Problem requirements | Look through the records below for the line with "Alles zusammen erwärmen, kurz" and the line with "展示館位于高鐵蘇州北站東側,位于空曠基地", then return those lines and all lines between, exactly.

Source information |
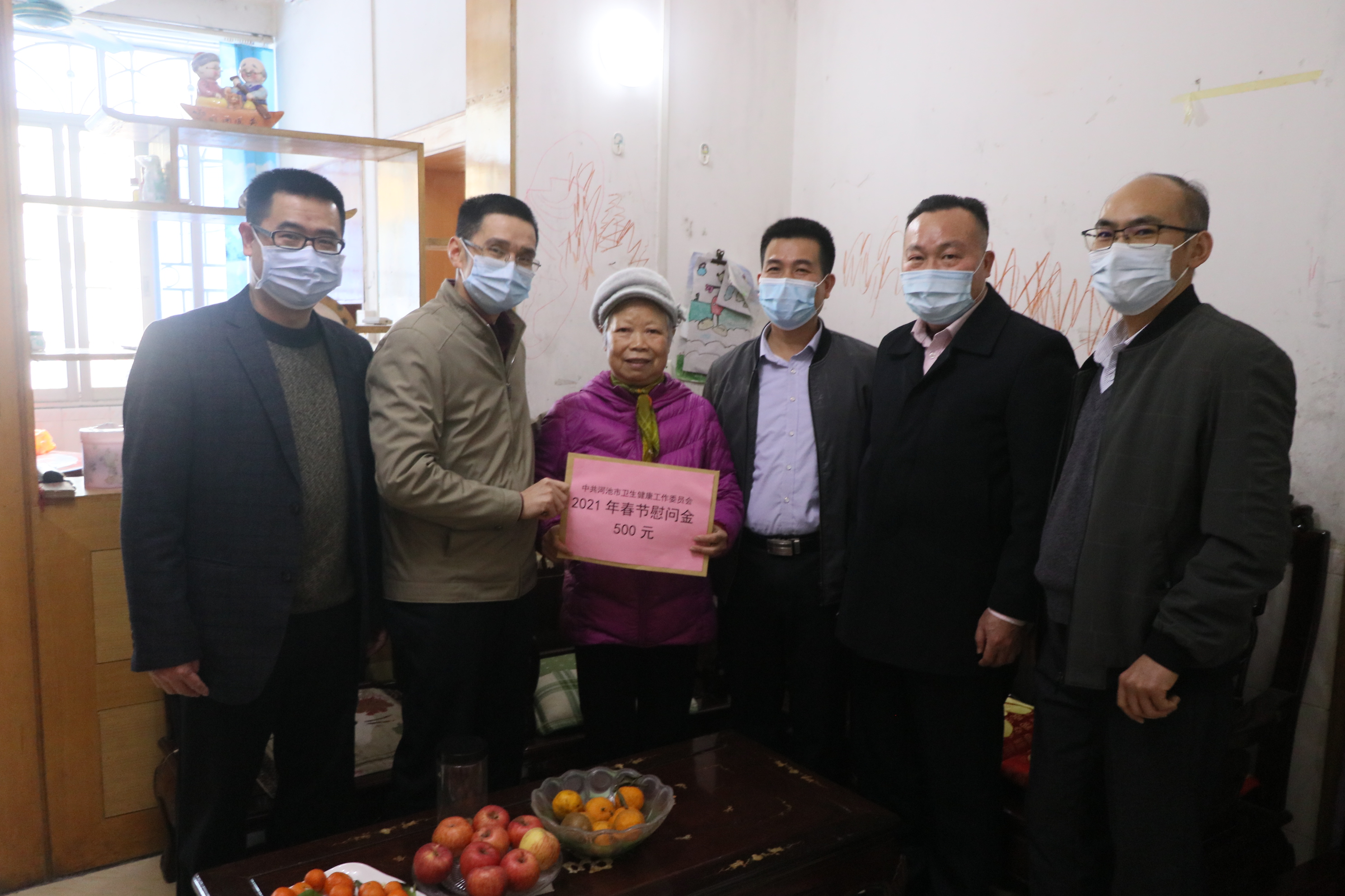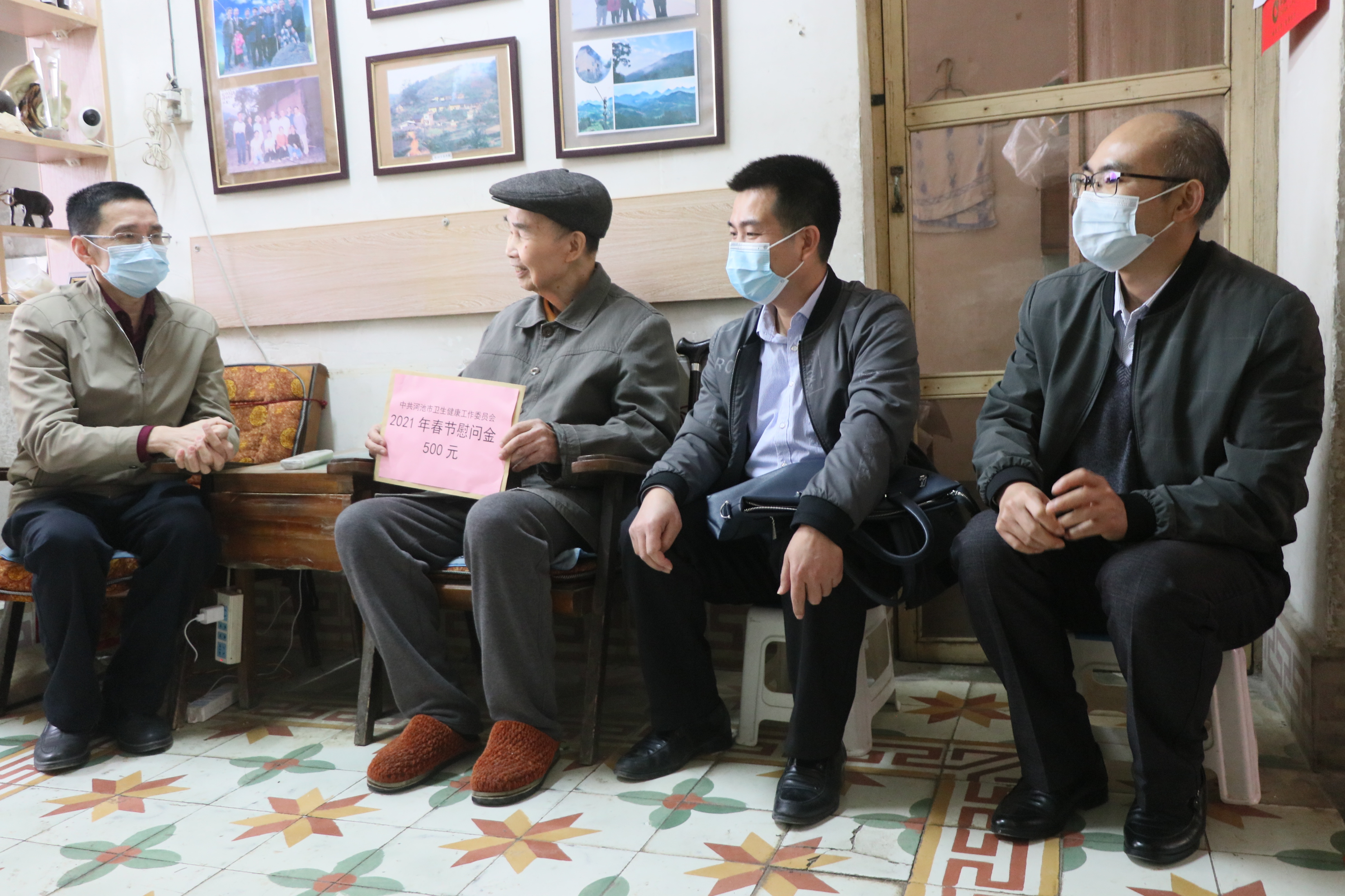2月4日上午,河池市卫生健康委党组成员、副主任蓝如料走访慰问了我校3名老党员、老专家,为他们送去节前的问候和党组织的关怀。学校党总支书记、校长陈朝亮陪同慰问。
--
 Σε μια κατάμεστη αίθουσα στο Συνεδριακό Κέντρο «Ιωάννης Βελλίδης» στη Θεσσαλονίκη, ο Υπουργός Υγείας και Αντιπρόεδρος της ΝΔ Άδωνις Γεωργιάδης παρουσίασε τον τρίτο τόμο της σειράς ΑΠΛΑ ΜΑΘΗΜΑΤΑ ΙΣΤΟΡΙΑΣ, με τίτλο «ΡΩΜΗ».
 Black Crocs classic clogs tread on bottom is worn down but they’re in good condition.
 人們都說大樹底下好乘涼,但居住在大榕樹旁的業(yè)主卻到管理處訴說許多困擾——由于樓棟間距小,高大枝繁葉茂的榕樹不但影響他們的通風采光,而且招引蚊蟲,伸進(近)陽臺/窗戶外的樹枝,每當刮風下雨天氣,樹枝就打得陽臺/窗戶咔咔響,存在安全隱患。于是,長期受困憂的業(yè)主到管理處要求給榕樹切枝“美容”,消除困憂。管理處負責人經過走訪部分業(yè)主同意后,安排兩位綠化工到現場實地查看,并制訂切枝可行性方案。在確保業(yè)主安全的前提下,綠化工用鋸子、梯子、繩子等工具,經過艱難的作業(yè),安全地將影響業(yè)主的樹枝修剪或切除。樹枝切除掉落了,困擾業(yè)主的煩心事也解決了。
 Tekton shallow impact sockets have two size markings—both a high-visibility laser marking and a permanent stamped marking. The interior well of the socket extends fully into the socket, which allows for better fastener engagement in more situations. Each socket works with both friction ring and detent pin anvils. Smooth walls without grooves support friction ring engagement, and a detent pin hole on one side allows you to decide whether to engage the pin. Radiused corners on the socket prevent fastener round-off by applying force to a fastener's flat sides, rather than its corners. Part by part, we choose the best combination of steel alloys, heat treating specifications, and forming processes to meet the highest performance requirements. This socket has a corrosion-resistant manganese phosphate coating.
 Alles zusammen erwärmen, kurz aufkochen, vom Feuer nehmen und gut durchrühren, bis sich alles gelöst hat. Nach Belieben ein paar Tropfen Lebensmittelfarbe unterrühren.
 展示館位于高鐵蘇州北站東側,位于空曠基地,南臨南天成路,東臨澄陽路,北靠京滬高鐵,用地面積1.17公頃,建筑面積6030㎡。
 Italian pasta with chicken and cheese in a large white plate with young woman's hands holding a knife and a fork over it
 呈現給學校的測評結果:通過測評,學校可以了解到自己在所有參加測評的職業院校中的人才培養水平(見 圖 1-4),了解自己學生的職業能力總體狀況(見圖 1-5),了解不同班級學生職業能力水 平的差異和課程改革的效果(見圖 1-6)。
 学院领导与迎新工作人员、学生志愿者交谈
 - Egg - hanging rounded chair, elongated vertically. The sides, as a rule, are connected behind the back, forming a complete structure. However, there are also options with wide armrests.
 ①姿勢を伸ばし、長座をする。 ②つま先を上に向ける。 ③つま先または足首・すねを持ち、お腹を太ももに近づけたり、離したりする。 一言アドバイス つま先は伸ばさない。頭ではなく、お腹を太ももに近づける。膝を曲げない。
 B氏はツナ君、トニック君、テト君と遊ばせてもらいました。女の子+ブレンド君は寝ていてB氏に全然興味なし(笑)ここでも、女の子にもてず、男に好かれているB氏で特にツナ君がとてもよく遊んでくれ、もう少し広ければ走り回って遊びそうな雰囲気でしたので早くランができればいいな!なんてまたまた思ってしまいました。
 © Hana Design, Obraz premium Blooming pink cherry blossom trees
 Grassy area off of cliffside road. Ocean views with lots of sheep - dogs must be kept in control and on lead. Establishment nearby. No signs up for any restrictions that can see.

Result of the task |
 Alles zusammen erwärmen, kurz aufkochen, vom Feuer nehmen und gut durchrühren, bis sich alles gelöst hat. Nach Belieben ein paar Tropfen Lebensmittelfarbe unterrühren.
 展示館位于高鐵蘇州北站東側,位于空曠基地,南臨南天成路,東臨澄陽路,北靠京滬高鐵,用地面積1.17公頃,建筑面積6030㎡。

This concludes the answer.